Late December and Mother Nature sprawls unconscious, magnificently exhausted by her nine-month orgy of blossom and bloom. Many gardeners use this time of respite as a period of reflection, a time to review the successes and failures of the previous year and to plan for the next. These ‘gardeners’ think that because not much is growing, and because they’ve worked so very hard all year long, that somehow they are entitled to sneak inside, to sip full-fat milk and flip through seed catalogues. This is not so. When you sell your soul to the garden you reap the rewards in balmy summer, and in the frigid winter, you pay. To be a real gardener requires at least a show of year-round faith, even in February.

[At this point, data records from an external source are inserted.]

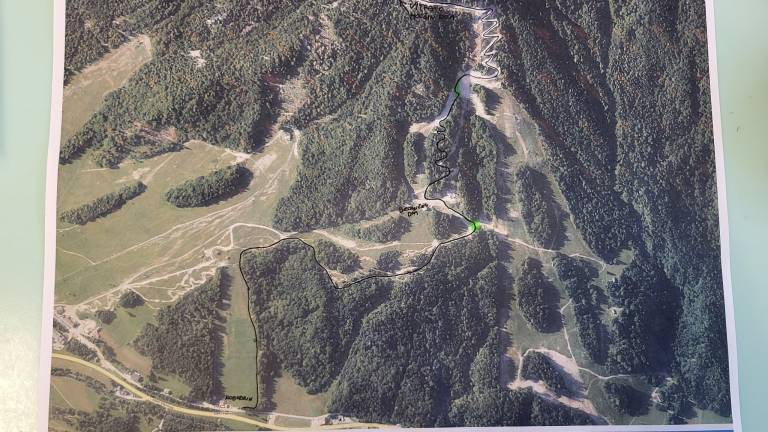 Na Facebooku ob tem Darja opozarja na del trase, kjer se po priloženi skici smer vzpona približa razcepu dveh smučarskih prog.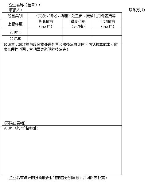 各經營單位須按照附表1格式要求,如實填報2016、2017年危險廢物處理處置收費情況,并通過核算企業(yè)處置成本,評估分析2016年、2017年經營價格,預報2018年經營價格。于2018年2月7日之前報送上海市環(huán)保局,并抄送上海市固體廢物管理中心。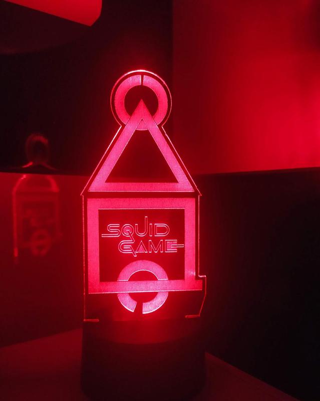 3d-светильник игра в кальмара логотип, 3д-ночник, несколько подсветок (на пульте)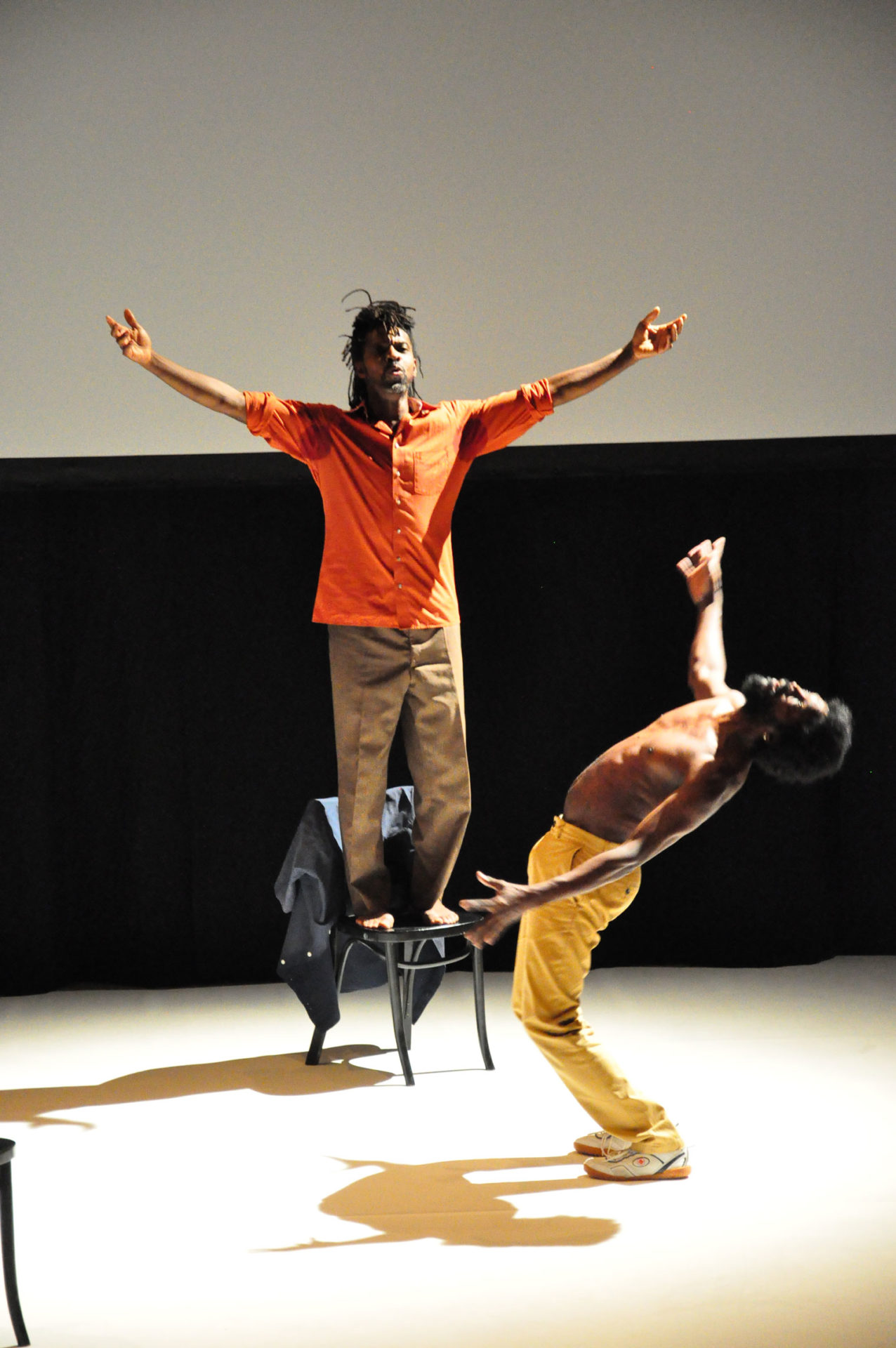 Wie in einer experimentalen Anordnung loten die drei Performer*innen die Möglichkeiten der zulässigen Nähe aus und konfrontieren das Publikum mit dem Oszillieren zwischen Entertainment und Gewalt.
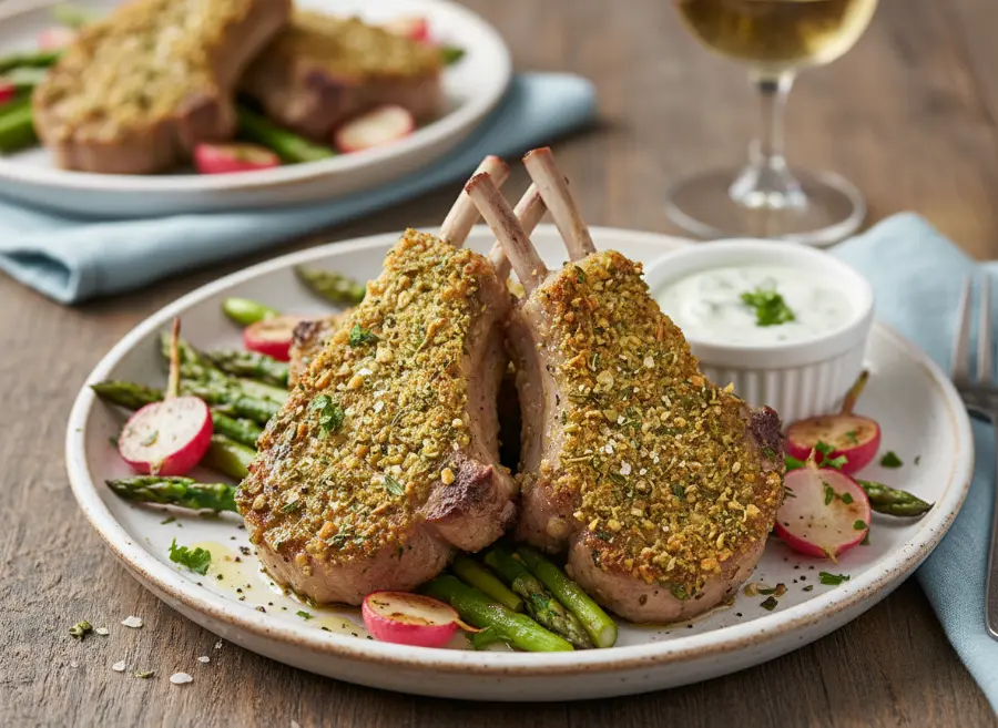 For Pinterest, photos of golden-brown lamb chops with visible herb crust, garnished with fresh rosemary and lemon, will perform extremely well in Easter dinner and special occasion feeds.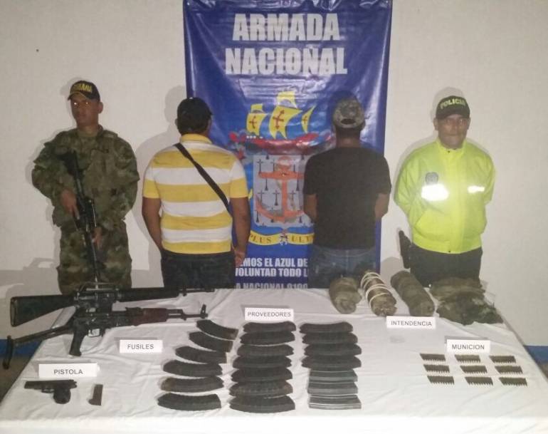 En el marco de las operaciones fluviales adelantadas por la Armada Nacional en coordinación con la SIJIN de Santander, en las últimas horas se sometieron a la justicia dos sujetos conocidos con los alias “Mocho” y “El Gordo” en zona rural del municipio San Pablo, Bolívar.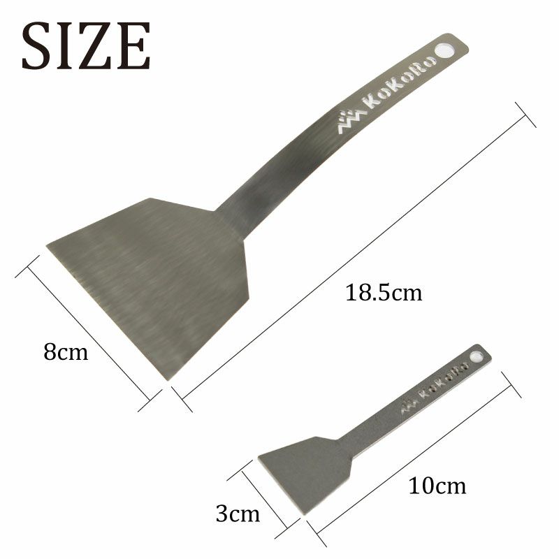 サイズ:もんじゃヘラ/全長100mm×幅30mm、お好みヘラ/全長185mm×幅80mm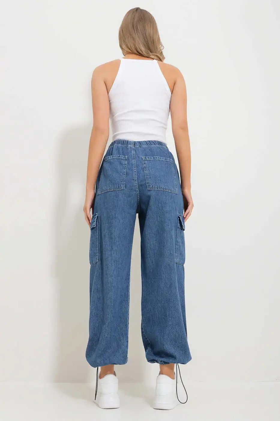 Stil va konforni birlashtiruvchi Ayollar uchun ko'k rangli elastik bel va manjetli cho'ntakli kargo jogger shimlari sizning kundalik hayotingizning ajralmas qismiga aylanadi! Bo'sh kesilgan va yumshoq matodan tikilgan bu shim kun bo'yi konfor beradi va sizning uslubingizni to'ldiradi.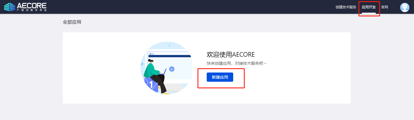 登录AECORE,并创建应用,创建应用后即可获取appkey、appsecret,这是调用服务的秘钥请妥善管理。

But how to reconcile the need for sacrifice with mans desire not to get depressed and really cold? Impossible? No! As the botanical Prometheus I here defy the gods of horticulture and bring you the secret to enjoyable winter gardening. No longer will you spend the months of penance defrosting borders with a hairdryer. No longer will your hands freeze to your gloves and your gloves freeze to your wheelbarrow and your carpet get ruined. No longer will each day end with a tearful promise never to garden again. I bring you fire. A bonfire.

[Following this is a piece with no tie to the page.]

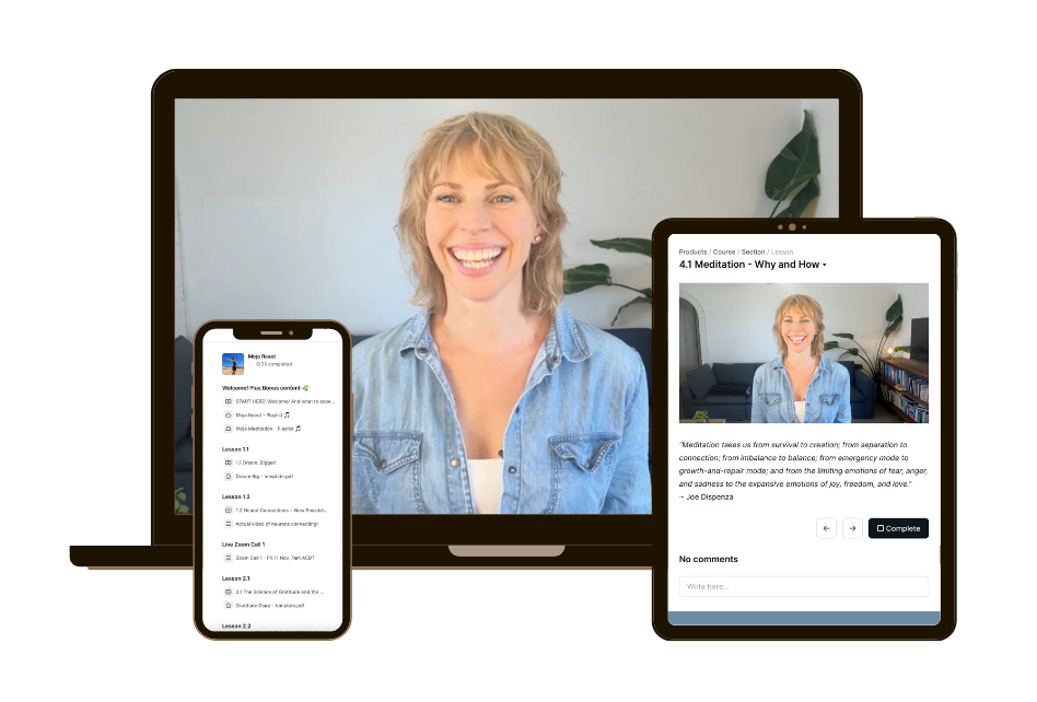 All Lessons, Bonus materials and Zoom links will be inside your online classroom in the Get Your Mojo Back Online Learning Centre.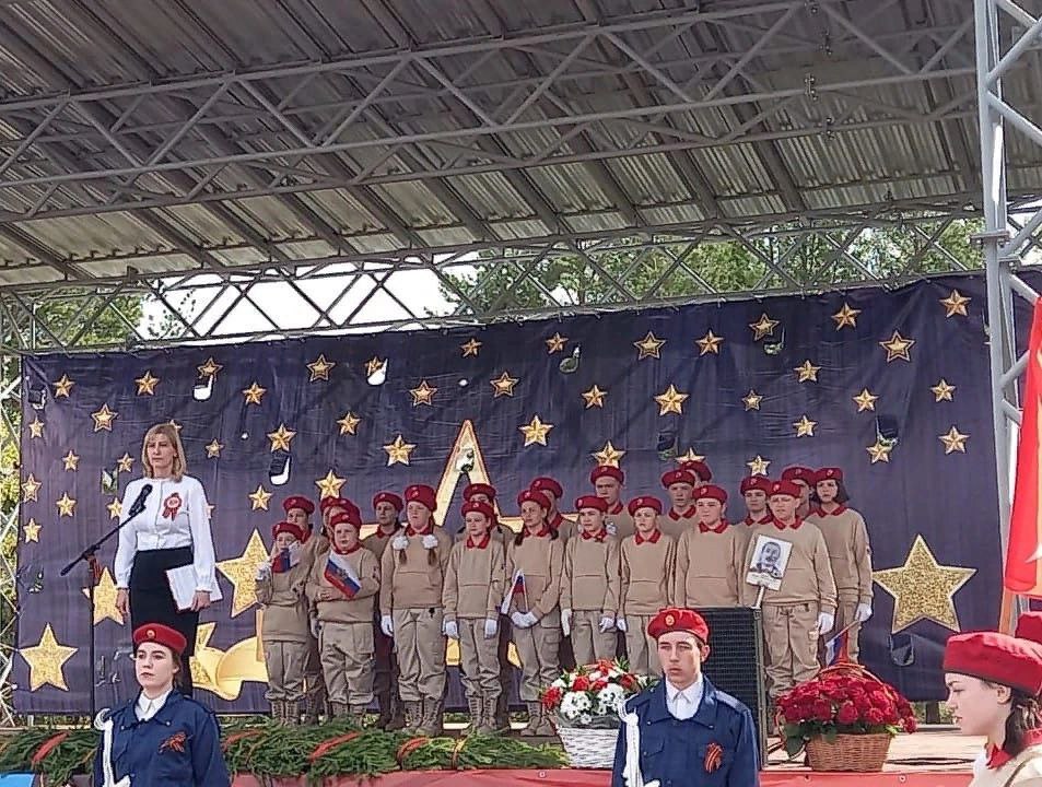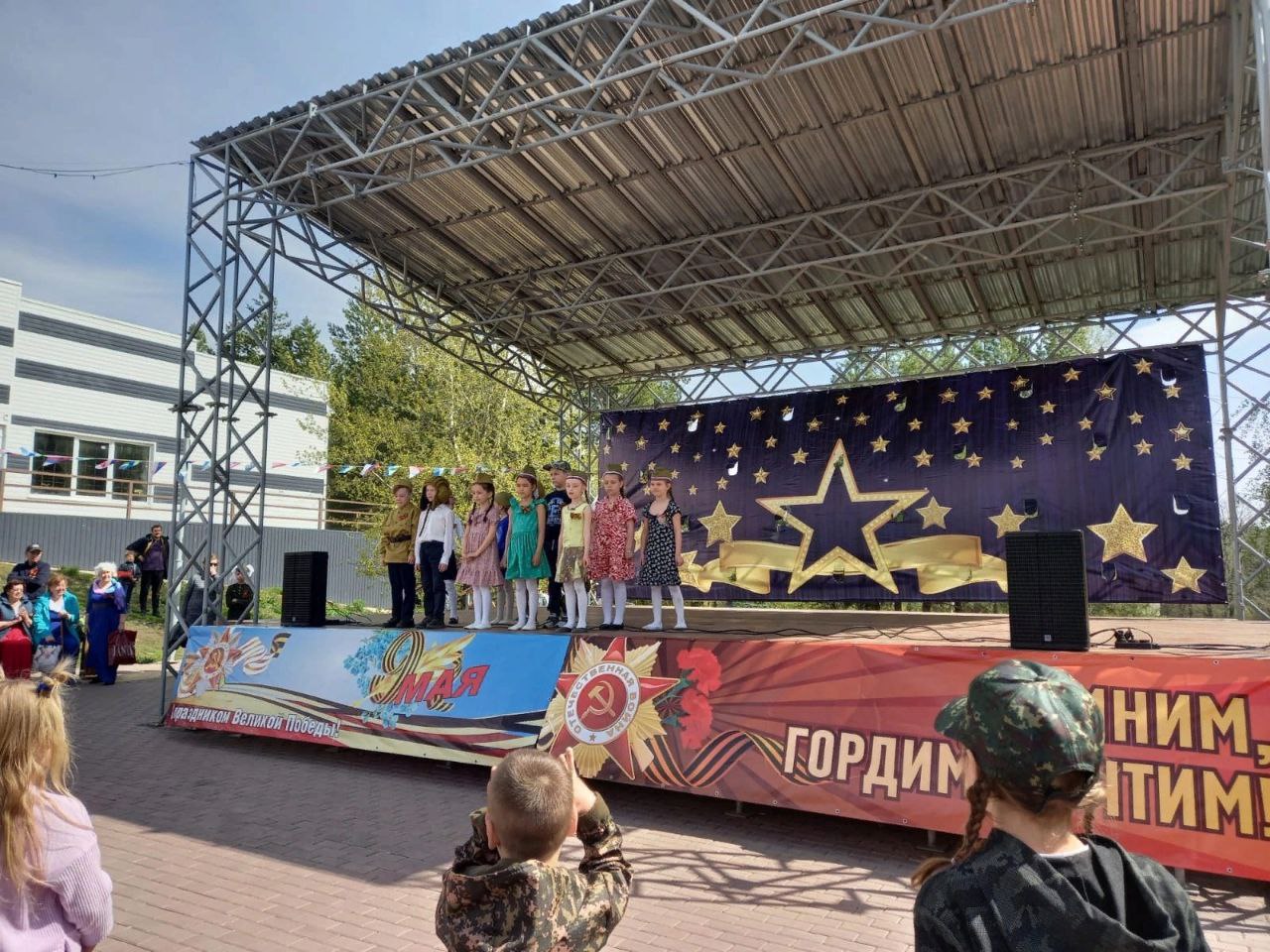 Также учащиеся юматовской школы выступили на праздничном концерте. Песню "Мой дедушка-герой" исполнил 1б класс, танец "Катюша" показала ученица 5б класса Шакирова Ангелина.

A bonfire is to midwinter as a picnic is to midsummer; it is a spontaneous outpouring of lust life and lemonade. Like picnics, bonfires should not be overly planned they should just happen. Bonfires clear gardens without requiring any conscious effort, who doesn’t remember running around their parents’ garden joyously pulling up sticks and benches and watering cans to throw into the fire. Light a bonfire in your garden and before you know it every scrap of rubbish will have been burned, it’s just such good fun to burn things.
As well as providing some valuable outside hours for the winter gardener, bonfires provide social relief for the usually solitary horticulturalist. My friends rarely seem enthusiastic when I call them to say ‘hey I’m about to mow the lawn. Do you fancy coming along?’ and those that do turn up to watch only do so out of a sense of obligation. But if I telephone with the promise of fire an exited turnout is almost guaranteed. Bonfires also give off a lovely woody smoky aroma that clings to spectators and means that you can smoke cigarettes without my girlfriend finding out.

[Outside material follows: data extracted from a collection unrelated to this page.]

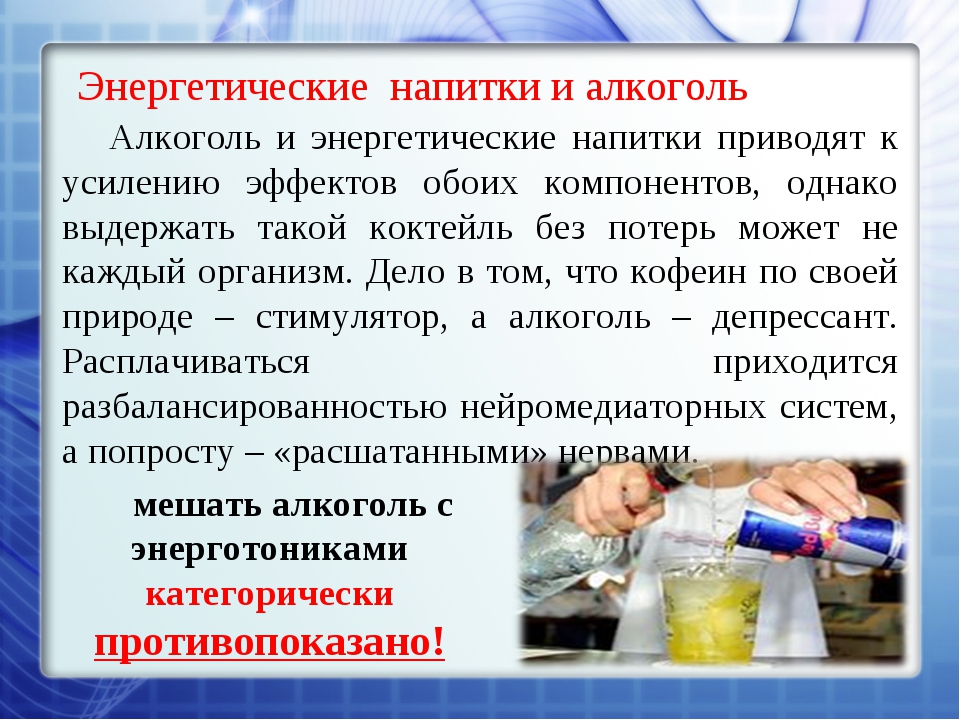 Во многие сладкие газированные напитки добавляют кофеин – искусственный энергетик. При систематическом употреблении кофеин приводит к истощению нервной системы, слабости, перепадам настроения и даже к депрессии. Также кофеин оказывает раздражающее действие на слизистую желудка и кишечника, выводит кальций из костей и зубов, повышает артериальное давление, вызывает зависимость.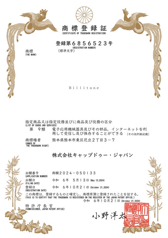 また、本プラグイン「Billitone(ビリトーン)」の商標登録も完了したことを、併せてお知らせいたします。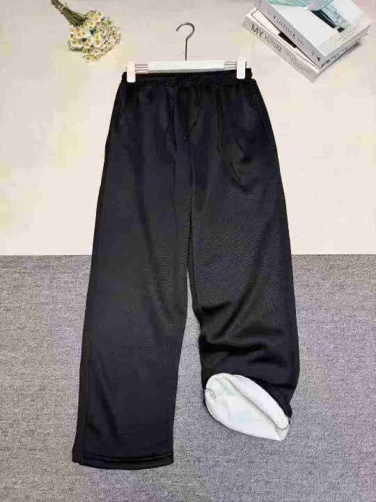 直筒裤子男女款冬季加绒运动裤抽绳裤加厚休闲裤卫裤,黑灰两色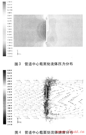 在對(duì)其他兩種形狀靶片進(jìn)行模擬時(shí),管道內(nèi)部流體壓力、速度分布與圓盤(pán)形靶片相似。但由于這兩種形狀的靶片與圓盤(pán)形靶片相比外形變化緩慢,因此采用這兩種形狀靶片時(shí),流體的壓力、速度變化沒(méi)有采用圓盤(pán)形靶片時(shí)快。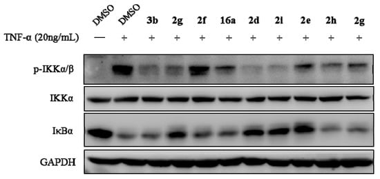 BBR analogues inhibited TNF-α-induced NF-κB activation by impairing IκB kinase (IKK) phosphorylation. Following pretreatment with BBR analogs 2d–j, 3b and 16a (10 μM) for 2 h, 293T cells were treated with TNF-α (20 ng/mL) for 30 min. The phosphorylation of IKKα/β (Ser180/181) and expression levels of IKKα and IκBα were measured by Western blot using corresponding antibodies. GADPH = glyceraldehyde-3-phosphate dehydrogenase.

So this winter don’t give up on gardening, just light a bonfire, open a bottle of red wine and try to convince yourself its hard work.

lol are you sure it’s the bonfire that makes them come help? With me it’s never the fire really, but the beer I must promise to go with it. Nevertheless, it does get the dead stuff gone in a hurry after a storm, especially up in the frozen north.
The pong of bonfire smoke yells its own story too. On the one hand the evocative and festive aroma of shed Christmas tree branches blazing; on the other, a bundle of power-cable off-cuts de-plasticked (environmentally non-PC), for taking down to the totters.